Well...you'll have a hard time finding a* pro* here that will work without a permit and it sort of rubs us the wrong way when someone hires unlicensed people to do unpermitted work for half the price.

Besides...its the law in most places.

Do a search on this site and you'll find lots of info.


----------



## Daniel Holzman (Mar 10, 2009)

The pros:

1. Initial cost is less.

The cons:

1. You may run into difficulty when you sell the house explaining to the various organizations involved why your basement is finished, but does not appear on the register of deeds as such.

2. You may have a hard time insuring an unauthorized addition.

3. If the project is discovered by the building inspector, either due to neighbor comment or otherwise, you may be forced to remove the work, or pay penalty to get the work permitted.

4. The Board of Assessors may assign you back taxes if they discover the project.

5. Since the work is going to be unpermitted and uninspected, you may have a difficult time claiming against your contractor in the event the project does not go as expected.

6. Unless you hire your own independent inspector, or you feel comfortable evaluating the work yourself, it is going to be difficult to verify that the work was done in accordance with the plan.


----------



## 1910NE (Sep 5, 2010)

What are you actually going to "DO" as far as finish work goes in the basement? Does your locality even require permits for the work you want to do? You might want to look into that before you worry about whether or not to apply for permits.


----------



## hyunelan2 (Aug 14, 2007)

A few more cons:

When you decide to sell the house, there will be no record of the addition. As a buyer, a non-permitted basement finish would tell me to move along to the next house on the list.
If you ever have a homeowners insurance claim (for anything) - expect a possible fight if the work was done without permits or inspections.

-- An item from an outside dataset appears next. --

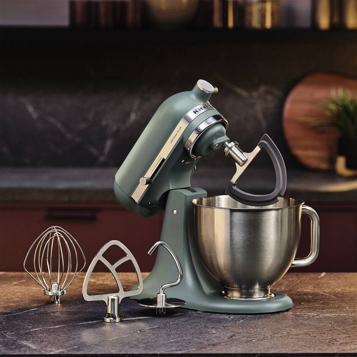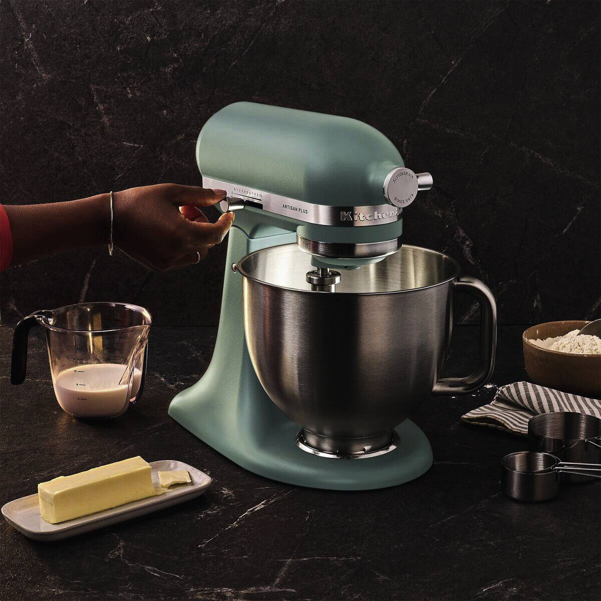 Setzen Sie Ihre Rezepte perfekt in Szene Sie werden die Artisan Plus lieben – die erste Küchenmaschine von KitchenAid mit integrierter Schüsselbeleuchtung. Beobachten Sie, was passiert, während Sie mischen und sehen Sie, wie Ihre Kreationen Gestalt annehmen. Wechseln Sie im Handumdrehen zwischen Geschwindigkeitsstufen mit der präzisen Geschwindigkeitseinstellung, um die ideale Textur zu erhalten. Das tägliche Kochen wird zum Kinderspiel – von Stampfkartoffeln bis hin zu zerkleinertem Hähnchenfleisch und cremiger Guacamole. Entdecken Sie, wie jedes Detail der Artisan Plus Ihnen noch mehr Möglichkeiten in der Küche gibt. Entwickelt für perfekte Ergebnisse Die Artisan Plus Küchenmaschine wurde entwickelt, um dank ihres leistungsstarken Motors auch feste und schwere Teige mit Leichtigkeit zu bewältigen. Aber sie glänzt nicht nur mit ihrer starken Leistung. Wie alle unsere Küchenmaschinen verfügt auch sie über das Planetenrührwerk von KitchenAid. Das bedeutet, dass sich die Zubehörnabe in eine Richtung dreht und das Zubehörteil in die andere Richtung. Dadurch wird sichergestellt, dass die Zutaten gleichmäßig vermischt werden und nichts übrig bleibt. Da der Rührer mindestens 59 Berührungspunkte in der gesamten Schüssel erreicht, erhalten Sie jedes Mal eine gründliche, gleichmäßige Mischung. Finden Sie die passende Geschwindigkeit Wählen Sie schnell und zuverlässig aus elf voreingestellten Geschwindigkeitsstufen oder drehen Sie den praktischen Regler, um die präzise Geschwindigkeitseinstellung zu aktivieren. Mit dieser Funktion können Sie mühelos zwischen den Stufen wechseln, sodass Sie genau die Geschwindigkeit wählen können, die Sie für Ihr Rezept benötigen. Vom Aufschlagen von Sahne bis hin zum Kneten von Teig – Sie erhalten jedes Mal die ideale Konsistenz – ohne Rätselraten, sondern durch mühelose Präzision. Sehen Sie Ihre Kreationen in einem ganz neuen Licht Die Artisan Plus Küchenmaschine ist das erste Modell von KitchenAid mit integrierter Schüsselbeleuchtung, damit Sie jedes Detail Ihres Rezepts sehen können. Die integrierte Schüsselbeleuchtung schaltet sich automatisch ein, wenn der Kopf abgesenkt wird oder die Küchenmaschine in Betrieb ist. Sie können sie aber auch mit einer einfachen Drehung des Geschwindigkeitsreglers einschalten, wann immer Sie möchten. Mit der Maschine bleibt kein Stäubchen Mehl zurück und Sie können jederzeit die Textur überprüfen. So sind Klarheit und Sicherheit bei jeder Mischung garantiert. Nichts wird verschwendet Dank der flexiblen Silikonkanten schabt der doppelseitige Flexi-Rührer beim Mischen sanft die Schüssel ab, sodass man dies nicht mehr von Hand tun muss. Es ist ein einfaches Upgrade, das einen großen Unterschied beim täglichen Mischen macht. Robustes Zubehör für jeden Einsatz Jede Artisan Plus Küchenmaschine wird mit einem kompletten Satz Edelstahlzubehör geliefert – einer präzisionsgeschweißten Schüssel, einem doppelseitigen Flexi-Rührer, einem Knethaken, einem Schneebesen und einem Flachrührer. Spülmaschinenfest und für die Verarbeitung anspruchsvoller Mischungen und Ihrer Lieblingsgerichte entwickelt. Sanftes Unterheben, keine Spritzer Bei einigen Rezepten muss man mit etwas mehr Gefühl arbeiten. Deswegen bietet die Artisan Plus eine ½ Geschwindigkeitsstufe – perfekt zum vorsichtigen Mischen leichter, luftiger Zutaten, ohne dass diese an Fluffigkeit verlieren. Und mit Soft Start beginnt die Maschine bei jeder Mischung ganz sanft und erhöht allmählich die Geschwindigkeit, damit Mehl, Zucker und Kakao dort bleiben, wo sie hingehören – in der Schüssel. Noch mehr Möglichkeiten Die Artisan Plus Küchenmaschine ist ein Kraftpaket, das weit mehr kann als nur Backen, sondern auch beim Zerkleinern, Kneten und vielem mehr besticht. Holen Sie sich optionales Zubehör aus unserem stetig wachsenden Sortiment, und Sie können noch mehr kreieren. Probieren Sie alles von Eiscreme und frischer Pasta bis hin zu geschnittenem Gemüse und zerkleinertem Fleisch. Ikonisches Design, leuchtende Farben Eine KitchenAid Küchenmaschine ist mehr als nur eine Küchenmaschine – sie ist ein Statement und eine Ikone. Die Artisan Plus ist in dezenten neutralen Tönen und knallig-hellen Farben erhältlich. Jeder Farbton lädt Sie dazu ein, Persönlichkeit und Freude in Ihre Küche zu bringen. Mit den neuen Premium-Farben ist jetzt die perfekte Gelegenheit, um Ihren Stil zum Ausdruck zu bringen. Ihre Küche, Ihre Mischung, Ihr Moment.

If your "handyman" is willing to do the work without permits, is he also willing to do the work with permits, or is he planning on hacking and cutting corners wherever he can? Permits are not there to be a pain-in-the-butt for you, they are there to make sure the work you pay someone to do on your house is done correctly, and you don't end up with leaking pipes, inadequate wiring, faulty protection, sub-standard construction, and potentially life threatening issues. As for raising taxes, my basement permit says $5,700 in work is being done. Even with my ridiculously high tax rate, I'm looking at about $11/month increase in taxes for the improvement. $11/month is worth it to me to know that I'm not going to have any issues down the line with realtors or insurance adjusters, or tax appraisers.


----------



## hyunelan2 (Aug 14, 2007)

drudgenator said:


> there's little chance that the town will come inside my house to look at what's going on.....

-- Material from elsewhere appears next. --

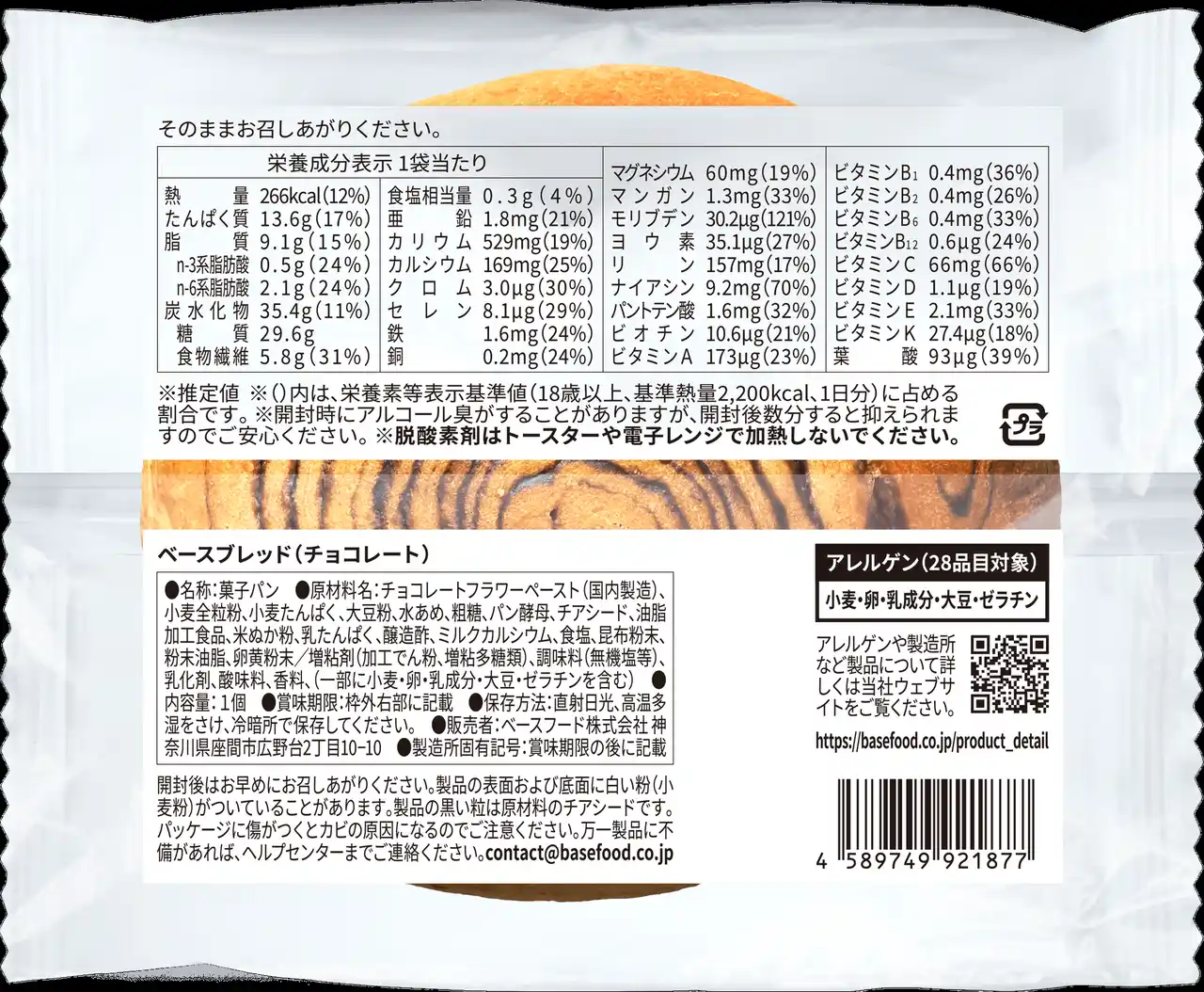 完全栄養の主食※2「BASE FOOD」等を開発・販売するベースフード株式会社(本社:東京都目黒区、代表取締役:橋本舜、https://basefood.co.jp)は、1食(2袋)で1日に必要な33種類の栄養素の1/3がバランスよくとれる完全栄養のパン※3「BASE BREAD(ベースブレッド)」シリーズの内、「BASE BREAD チョコレート」を2026年3月30日(月)製造分より順次リニューアルします。 |

Here's a fun/true story. About 5 years ago, a friend of mine in the far NW suburbs of Chicago finished his basement. Everything except the ceiling (just painted the joist cavities black). He did it without permits. Somewhere along the way, it got back to the assessors that the basement is finished. They never came to check, just automatically added it to his tax bill.

When his next tax bill came around he called to fight it, at which point they said they'd need to send assessors out to prove his basement was not finished. They came, went downstairs, and he was all clear. (In his city, if the ceiling is not finished, the basement is not finished). However they did add on some things the previous owners did (like the deck and patio) that were not on the assessment.


----------



## NitrNate (May 27, 2010)

pretty loaded question, no surprise on the replies. doing things right tends to cost more money, however you really need to understand the laws of your local jurisdiction. they very greatly from area to area and any replies you get on here are only general responses.


----------



## titanoman (Nov 27, 2011)

I kind of get a kick out of some of the permit police around here.
A permit definitely has its advantages.
But an op shouldn't be condemned and called irresponsible if he wants to bootleg a basement finish in or a deck or a roof on his house.
Now something involving serious construction (that's up to interpretation, I guess), like a huge deck or addition or a whole house, of course get a permit.
And not getting something designed and inspected by somebody doesn't usually lead to total failure.
DIY's have access to span tables and codes in their area, if applicable, that they can consult when in doubt.

Personally, I don't like inspectors.
And I would just as soon they not be around to tell me to do things that I know don't need to be done.
Most of them have never swung a hammer. They've just read books.
Some of the stuff they want you to do borders ridiculous and isn't at all necessary or practical.
Just more money.

I came from California, very, very, strick about everything (because they had a big earthquake 106 years ago) to Missouri, where builders didn't need liscences and they're were no permits to be gotten for anything (yet the New Madrid quake was bigger than the SF one).
1,000's of gorgeous high dollar estates and mansions have been standing in all they're glory, some since 1931, all without a permit.
Just as high of quality because good carpenters from KC, Florida, and California heard about the building boom out here and ran off the native "builders" that really were screwing up everything and kind of turned the tide and starting building high-quality homes, changing the acceptable standard.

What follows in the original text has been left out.